The monograph focuses on the Reciprocal Drawing (RD) method – a collaborative practice developed by Agnieszka Karasch in which two collaborators draw while maintaining co-dependence between their moving bodies. Unlike other forms of collaborative drawing, RD is challenging because the collaborators affect each other’s motions while drawing. To enable focus, the method combines 3 frames in unprecedented ways: a contact-imposing partnering strategy, a repertoire of body actions, and a set of rules. In this way, the collaborators may devise complex embodied processes resulting in refined large-scale drawings.
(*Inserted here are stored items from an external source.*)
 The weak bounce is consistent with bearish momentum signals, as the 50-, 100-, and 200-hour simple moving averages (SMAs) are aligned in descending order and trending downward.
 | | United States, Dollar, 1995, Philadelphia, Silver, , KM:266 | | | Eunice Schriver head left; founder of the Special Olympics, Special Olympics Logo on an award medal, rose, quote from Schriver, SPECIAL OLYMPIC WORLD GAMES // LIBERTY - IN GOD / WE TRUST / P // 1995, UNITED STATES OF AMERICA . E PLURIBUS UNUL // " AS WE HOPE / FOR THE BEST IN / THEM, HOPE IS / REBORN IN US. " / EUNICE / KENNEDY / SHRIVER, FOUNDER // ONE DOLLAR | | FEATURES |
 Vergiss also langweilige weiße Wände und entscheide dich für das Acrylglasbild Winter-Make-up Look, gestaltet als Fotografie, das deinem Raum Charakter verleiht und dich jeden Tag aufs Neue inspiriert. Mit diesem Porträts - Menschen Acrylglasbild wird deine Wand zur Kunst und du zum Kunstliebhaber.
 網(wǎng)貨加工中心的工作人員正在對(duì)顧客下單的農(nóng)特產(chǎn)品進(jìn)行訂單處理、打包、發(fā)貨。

The purpose of the study was to extend conventional drawing towards a performative and contact-based formula. The research responds to challenges posed by those partnering strategies which employ bodies’ co-dependence. Consequently, greater complexity of the drawing process and coherence of the drawn form are achieved.
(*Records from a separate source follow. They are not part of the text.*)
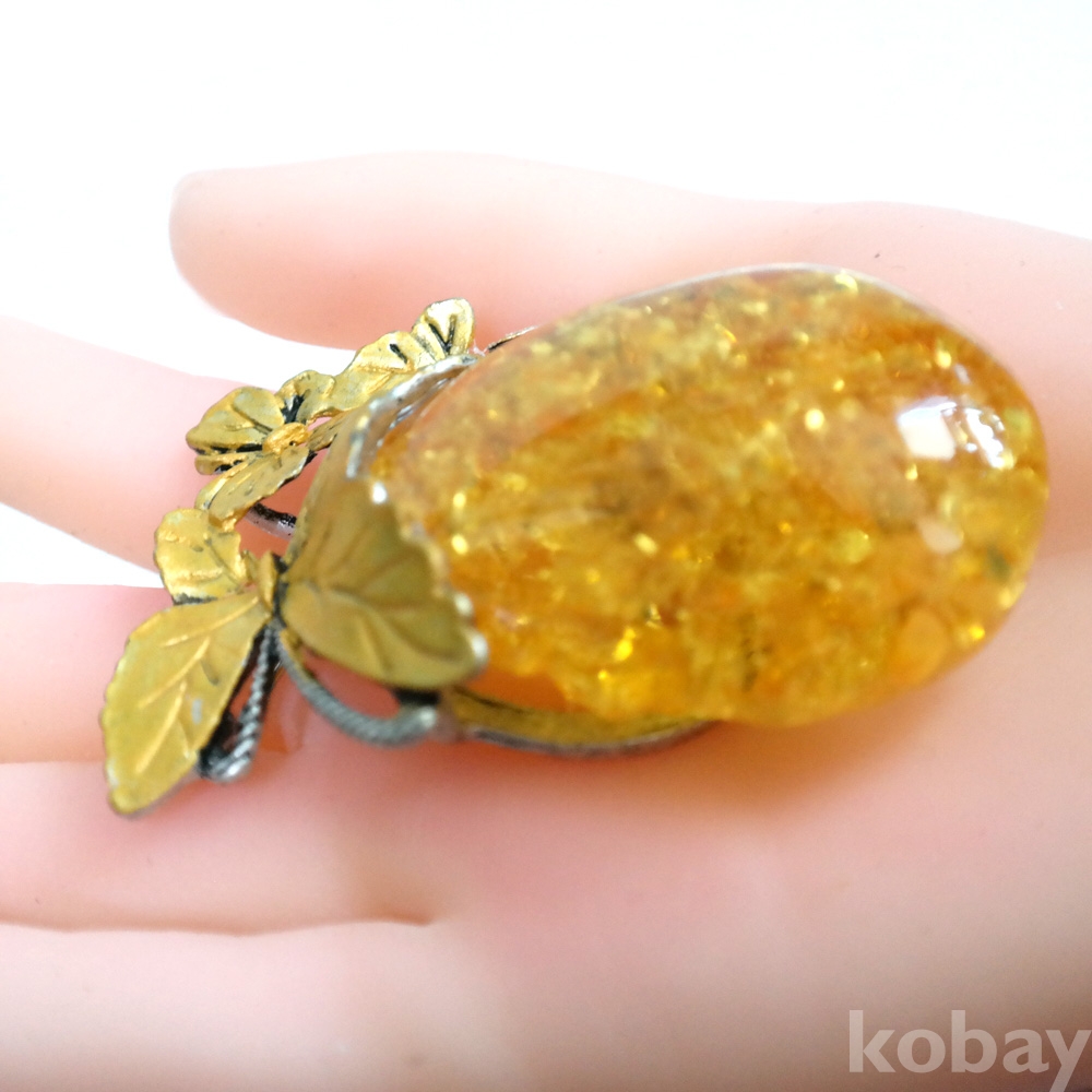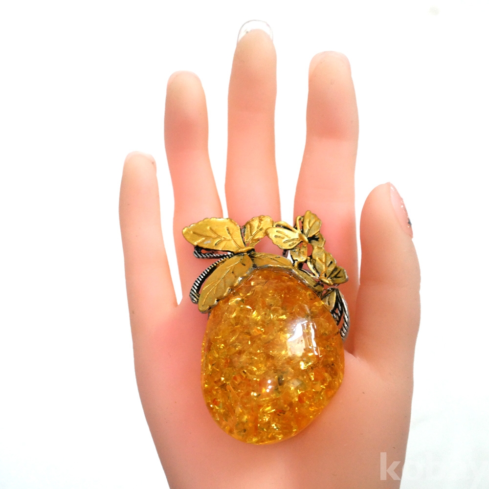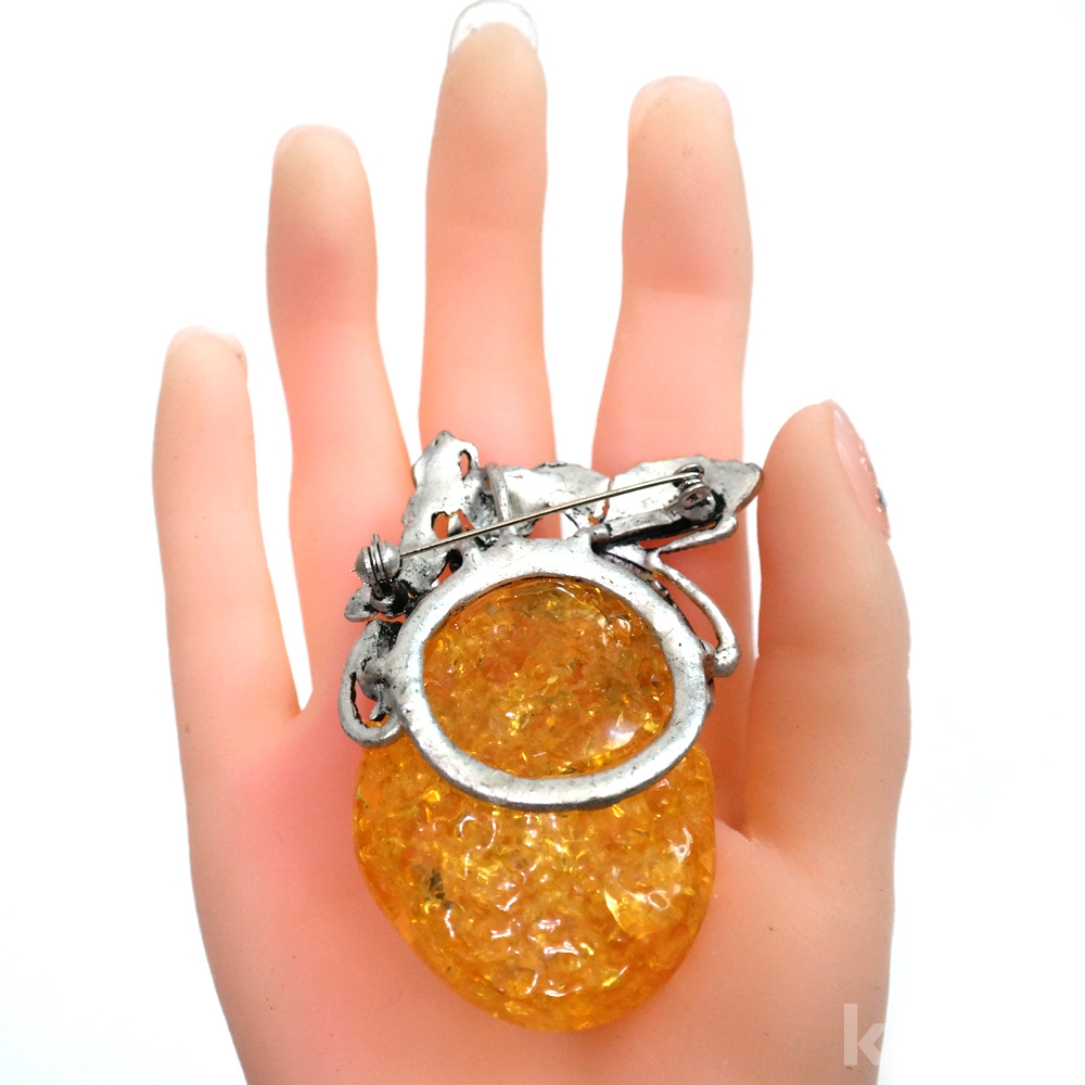 국산 인조 호박 노랑 옐로우 합성석 열매 장신구 목걸이 펜던트 브로치 겸용 다용도 B
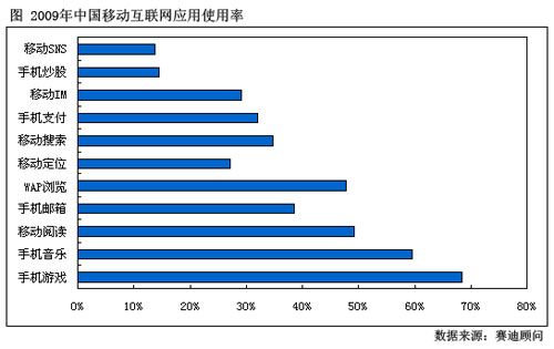 圖:2009年中國移動互聯(lián)網(wǎng)應用使用率
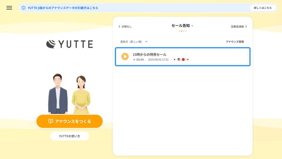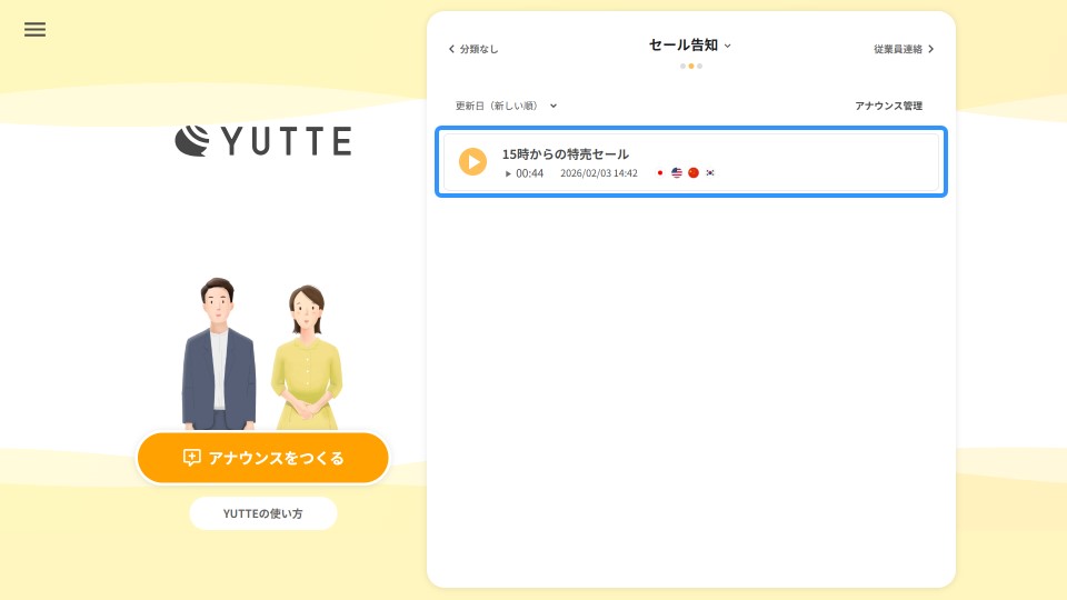 アナウンスのダウンロードはHOME画面またはアナウンス編集画面から行うことができます。ここではHOME画面からのダウンロードの手順を説明します。

RD reinforces the authenticity of actions, enables co-exploration of physicality and resistance, co-production of multiple drawing compositions and the transformation of existing ones. The method generates conflict, engages partners emotionally, and evokes mutual trust. The author stresses the embodied, expressive, and dialogic character of Reciprocal Drawing. Its processes prove to finely reflect the social and relational aspects of human life. Defined as play, RD reveals its subversive, transformative and solidifying function. It renders learning new approaches to drawing possible. It is a postconsensual practice, where the engaged artists co-explore the benefits of embodied conflict without posing a threat to each other's integrity. RD evokes self-limitation and responsibility for the other.